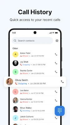 This phone and contacts app This calling app may request default phone handler permission to manage calls. Call history access is used only to show call logs. The contact telephone app does not change or delete call data. All contacts and call information stay on your device and are not uploaded to any server.
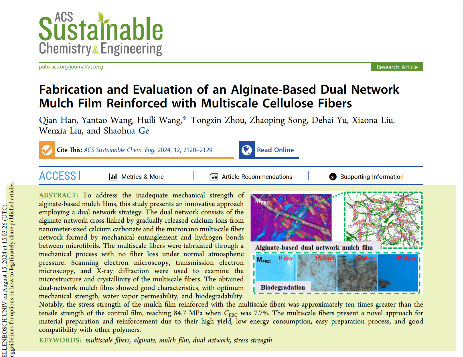 This manuscript published in ACS Sustainable Chemistry and Engineering (Q1, IF=7.1) noted:
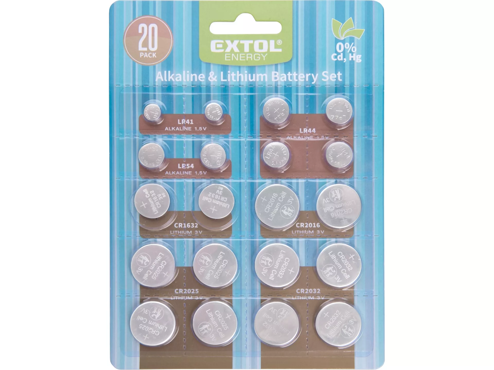 Baterie alkalické a lithiové, sada 20ks EXTOL ENERGY 42057
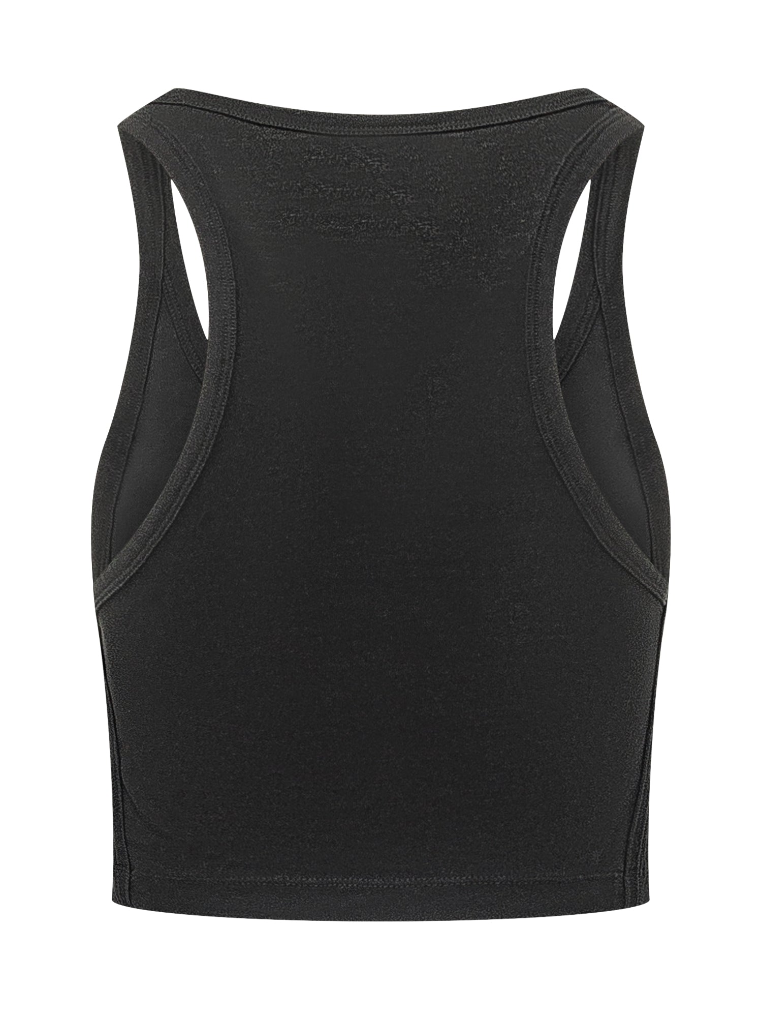 Top corto con taglio sportivo, scollatura ampia e spalle larghe. Realizzato in jersey elasticizzato con logo minimal sul davanti.
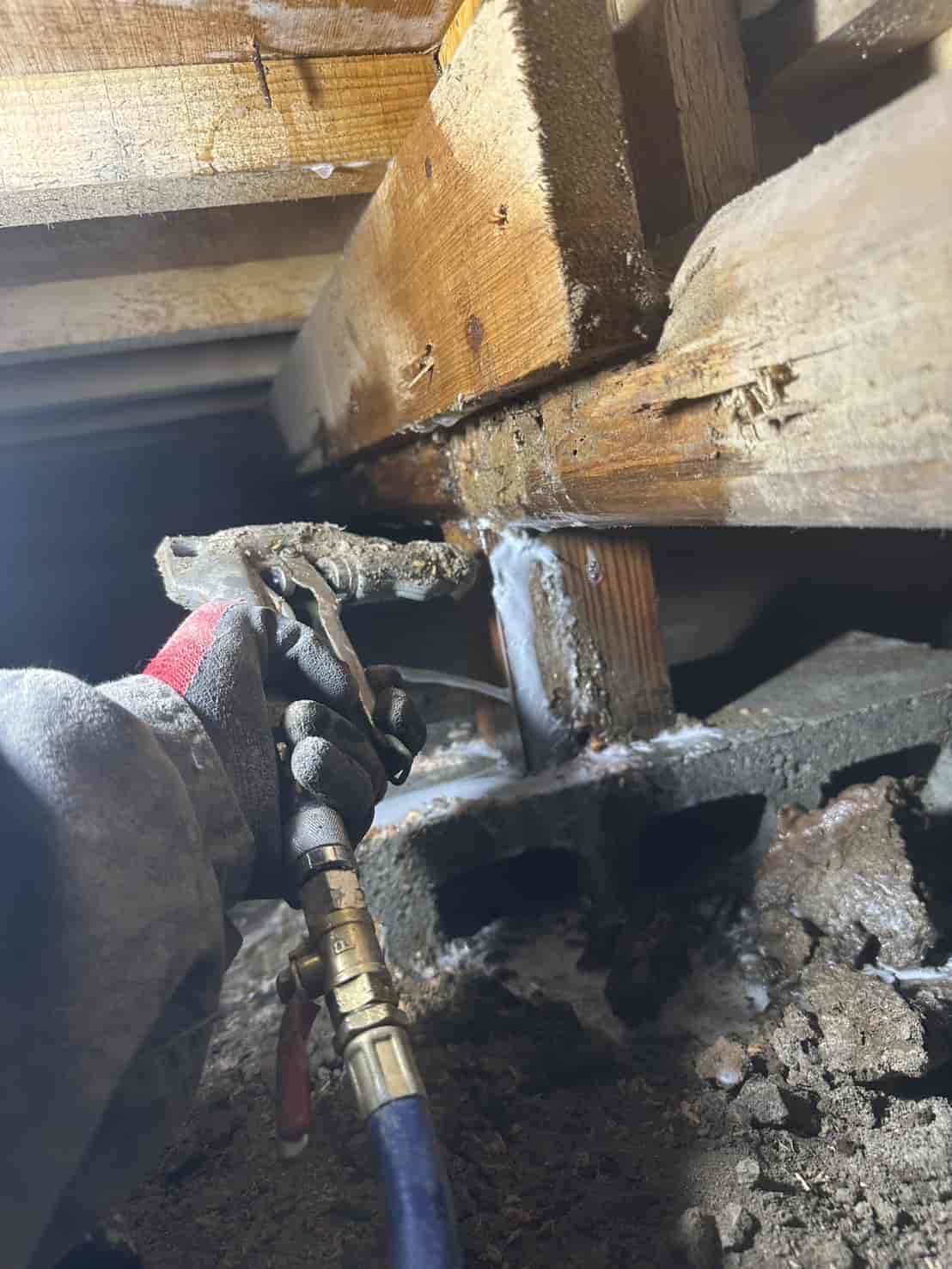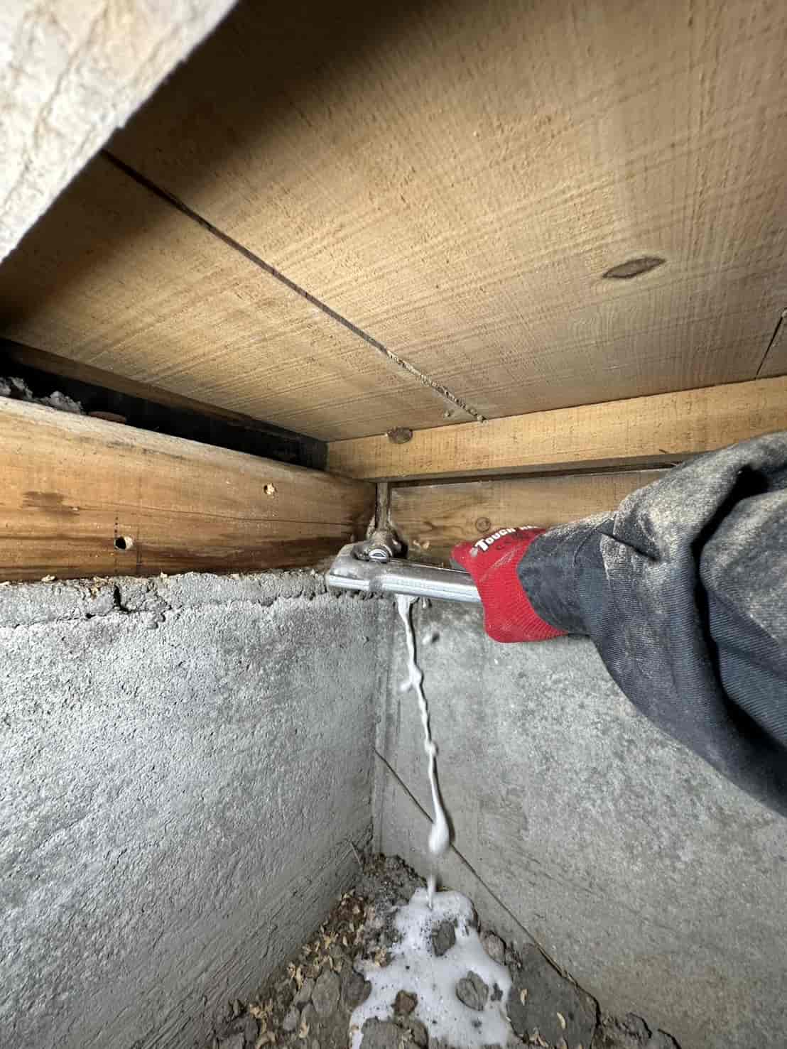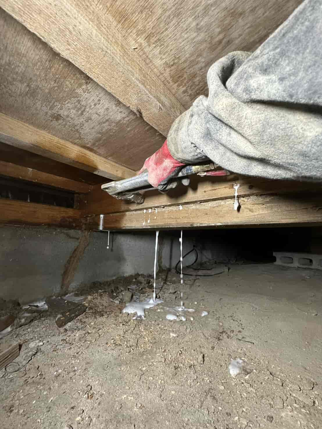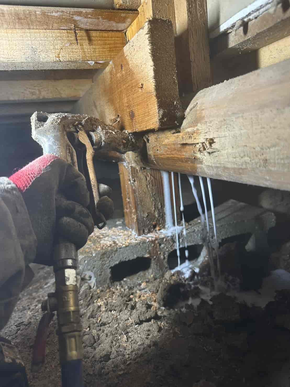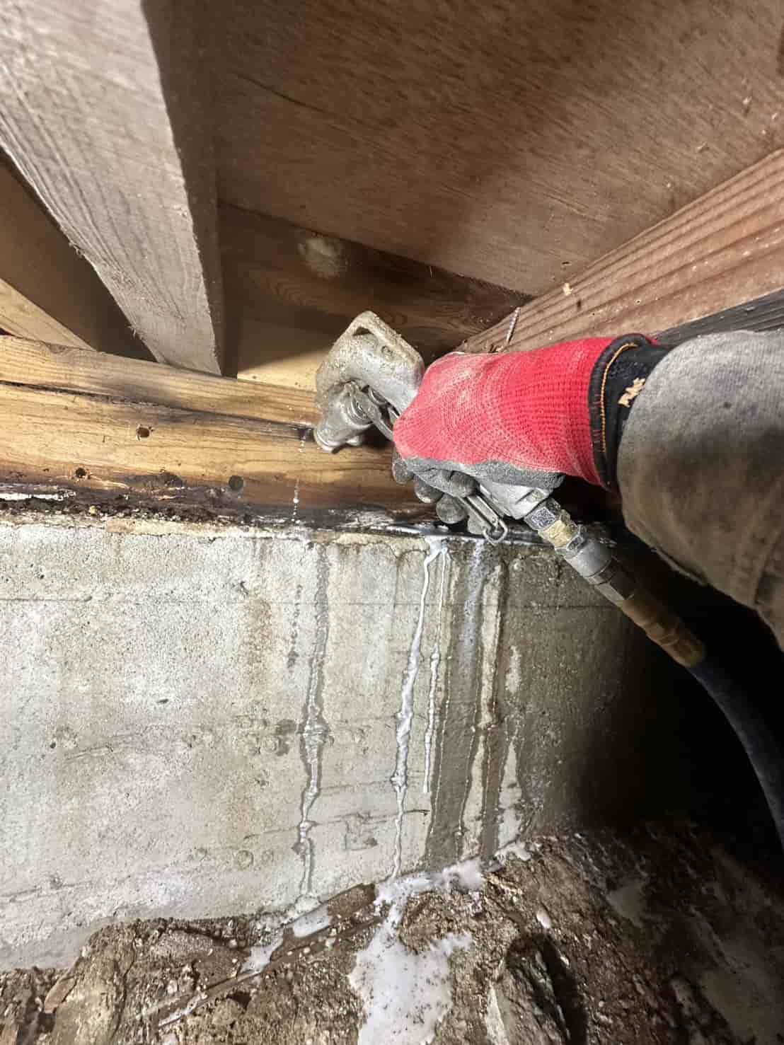 床下の主要な構造木部に細かい穴(穿孔)を開け、内部まで薬剤を圧入。

++++++++

PROMPT:
Reproduce, with the pictures omitted, exactly those lines that run from the line with "Top corto con" to the last line of the material, both ends included.

ANSWER:
 Top corto con taglio sportivo, scollatura ampia e spalle larghe. Realizzato in jersey elasticizzato con logo minimal sul davanti.
 床下の主要な構造木部に細かい穴(穿孔)を開け、内部まで薬剤を圧入。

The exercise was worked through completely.